College is a great place to foster and develop one’s cynicism. In light of tragedy and things beyond one’s control, cynicism serves an important purpose. If offsets the realities of this cruel world by preparing us to tackle another day. If we linger too long on everything that is wrong with this planet, we find ways to hasten our exit from it, either consciously or subconsciously.
I never understood child abuse growing up, but then again, what is there to understand about it anyway? It’s a topic that grows exponentially horrid when you have children, and as a person who believes that we as a species should be better than killing another person in the name of justice, I falter a bit on the position whenever I hear stories about child abuse.
In 1987, a New York attorney was arrested after beating his step-daughter to death. She collapsed after a blow to the head, and as she lay in the bathroom of the family’s Bronx apartment, slipping in and out of consciousness from her injuries, her step-father left her alone without medical attention, occasionally leaving the home to freebase cocaine.
He lived with a woman for several years, and she was also to blame for allowing the abuse to continue in the couple’s home. When she returned home from her job as an editor of children’s books for Random House one evening, she found the child close to death. The girl had been suffering for over 10 hours. It was at this time that she finally convinced her abusive partner that they needed to contact the authorities. The girl later died from her injuries.
The case gained national prominence, but I remember it for another reason.

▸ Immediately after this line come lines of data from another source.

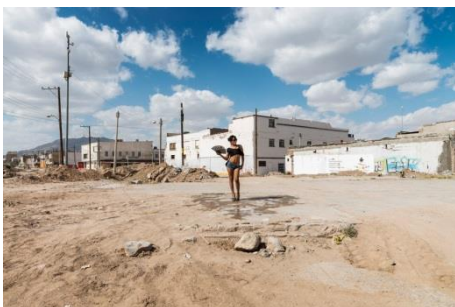
Teresa Margolles, Scarlett, Pista de Baile del Club La Cruda , 2016 Fotografie, 180 x 120 cm, Foto: Teresa Margolles

Kuratoren: Florian Steininger und Andreas Hoffer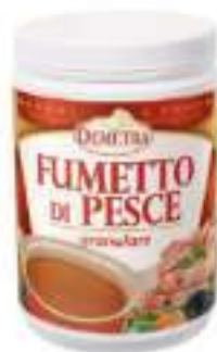
FUMETTO DI PESCE DEMETRA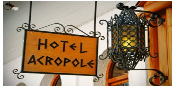
Das Hotel Acropole Delphi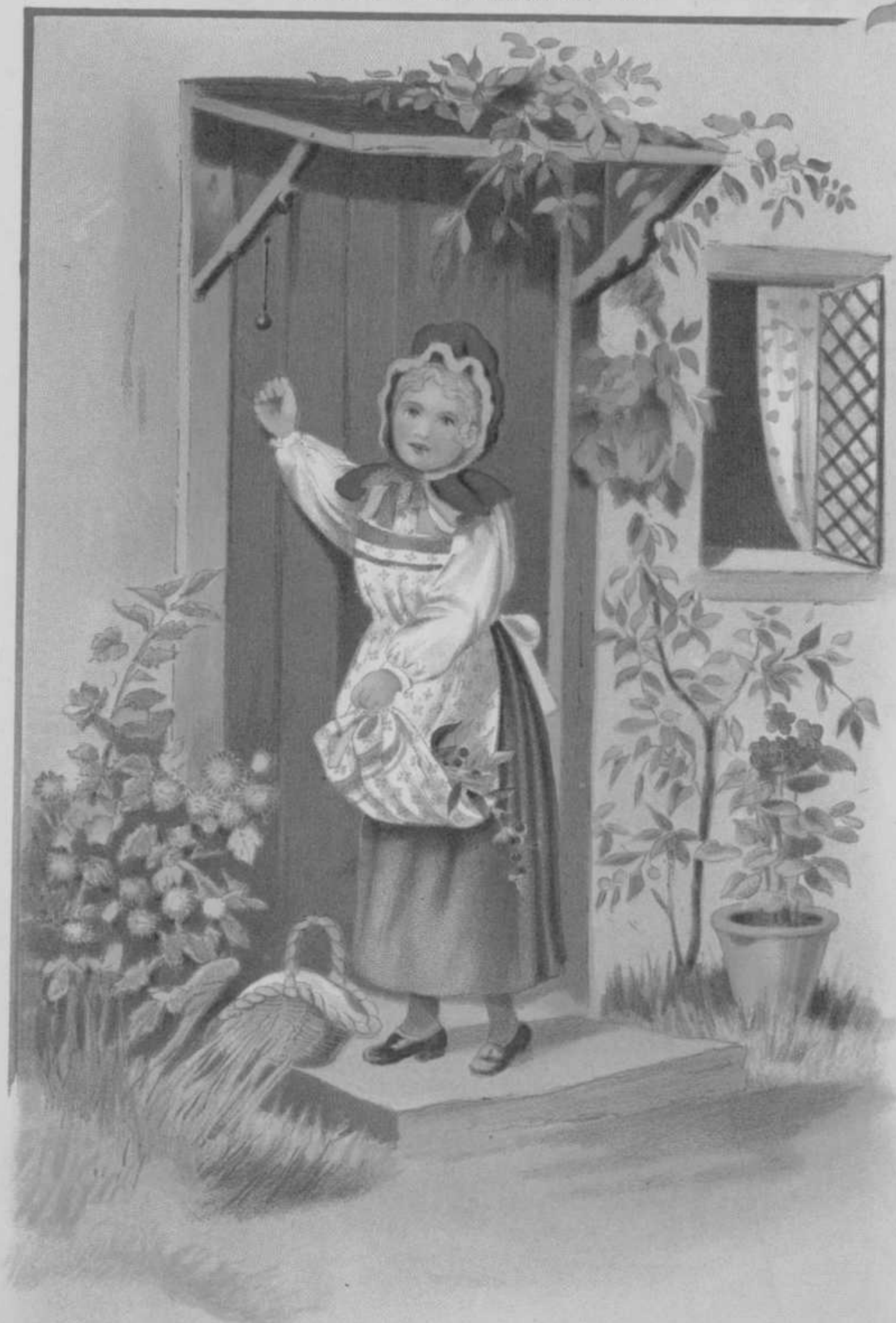
Roodkapje klopt aan.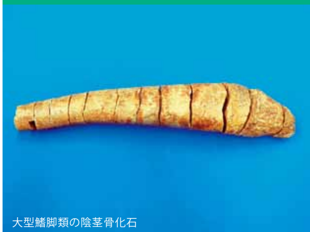
大型鰭脚類の陰莖骨化石

※アロデスムスは約 1300 万年前頃に生息していた大型海生哺乳類で、鰭脚類（アシカやセイウチの仲間）と共通の祖先から進化し、約 1000 万年前に絶滅したとされています。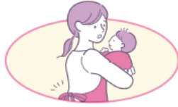
家事・育児などによる 肩こり・腰痛に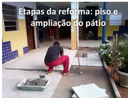
Etapas da reforma: piso e ampliação do pátio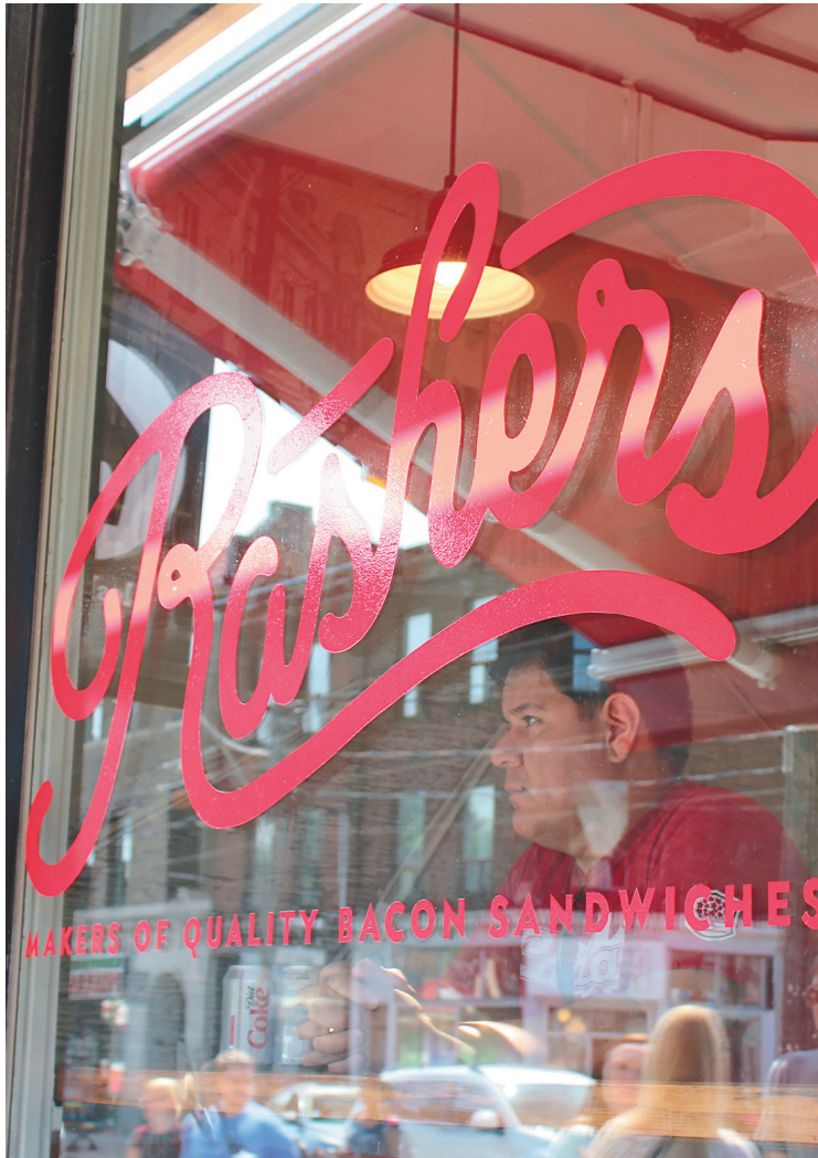
Rashers est une sandwicherie entièrement consacrée au bacon dans Riverside-Leslieville.

C'est en ouvrant les portes des commerces et en discutant avec les propriétaires qu'on voit qu'ils sont tous animés de la même passion : faire du quartier The Junction une communauté, un petit village où il fait bon vivre.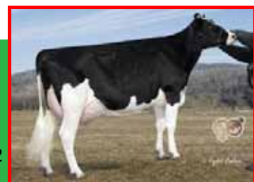
左:ガルシア ニフティ 613 中央:Md メーブル ローソ プロント 2332 右:マホガニー マリオン 487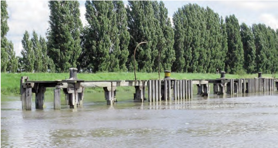
Ffigur 11 Glanfa segur ar lan ogleddol yr afon ac i fyny'r afon o Bont Reilffordd Penarlâg

Mae golau mordwyo ar ochr prif rychwant y bont sy'n wynebu i lawr yr afon yn nodi'r 'Pwynt Tramwy Gorau' – sef tua chanol yr afon – ac yn arddangos golau gwyn sy'n fflachio, sef llythyren Morse "A". Mae triongl coch a gwyn adlewyrchol wedi'i osod yn lle golau ar yr ochr o'r bont sy'n wynebu i fyny'r afon. Mae estyll pren isel yn ymestyn ar hyd llinell glan ddeheuol yr afon ac yn agos iddi yng nghyffiniau Pont Reilffordd Penarlâg. Mae'r llanw'n gorchuddio'r caedau ac wedi'i farcio, ar ei ddau ben, i lawr yr afon ac i fyny'r afon o'r bont, gan glwyd ar bolyn gyda marc brig gwyrdd ar ei ben.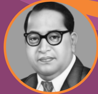
ડૉ. બાબાસાહેબ આંબેડકર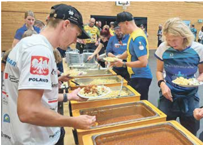
Die Sportler stärkten sich am Vorabend des Wettbewerbs mit reichlich Nudeln und allem, was dazugehört.

Die detaillierten Ergebnisse sind online auf www.triathlonlensahn.de zu finden.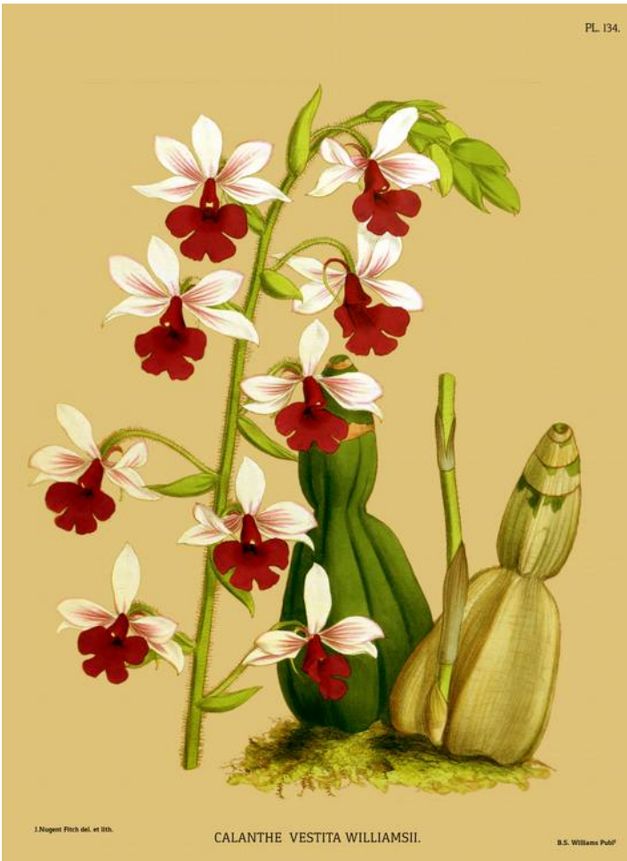
CALANTHE VESTITA WILLIAMSII.

During the trial, a radio station discovered a song recorded by PowerSource, a contemporary Christian musical group led by Richard Klender. The group recorded a song called “Dear Mr. Jesus,” a schmaltzy ballad about child abuse with stunningly bad 80’s production values. The song’s notoriety was secured when Klender asked 6 year-old Sharon Batts to perform lead vocals on his new song.
PowerSource released their first and only album Shelter From The Storm in 1986. “Dear Mr. Jesus” was nestled in the Bedford, Texas’s full length and probably would have gone unnoticed if it weren’t for the aforementioned child abuse case in New York City. When some clever disc jockey found it and began playing it during the trial, listeners called in by the thousands to request it. From there, it began to spread across the country, where it finally entered the Billboard Hot 100 chart, peaking at #61 in January 1988.
I remember it being played repeatedly in the Midwest during the 1987 holiday season. My cynicism took note of the song’s content and the manner in which Mr. Klender chose to address the topic by enlisting a 6 year-old girl to sing it.
Take a look/listen to this incredible piece of 80’s righteousness and marvel at how Klender seemed to foreshadow later events about a girl “beaten black and blue.” The girl narrator is troubled by the news and decides to take her concerns directly to Jesus, or “Mr. Jesus” as it were.
Taking a clue from George Jones’ classic “He Stopped Loving Her Today,” Klender saves a money shot for the end of the song, when the little girl asks Mr. Jesus to look into this topic of child abuse, and to keep a family secret to himself.
“Please don’t tell my Daddy, that my Mommy hits me too.”
While my cynicism certainly took notice of this forgotten gem, it was the song’s curious decision to highlight the topic from the perspective of a 6 year-old girl that stuck with me for almost three decades. I recently found the song online and have been thoroughly enjoying it in the most ironic of ways for the past week.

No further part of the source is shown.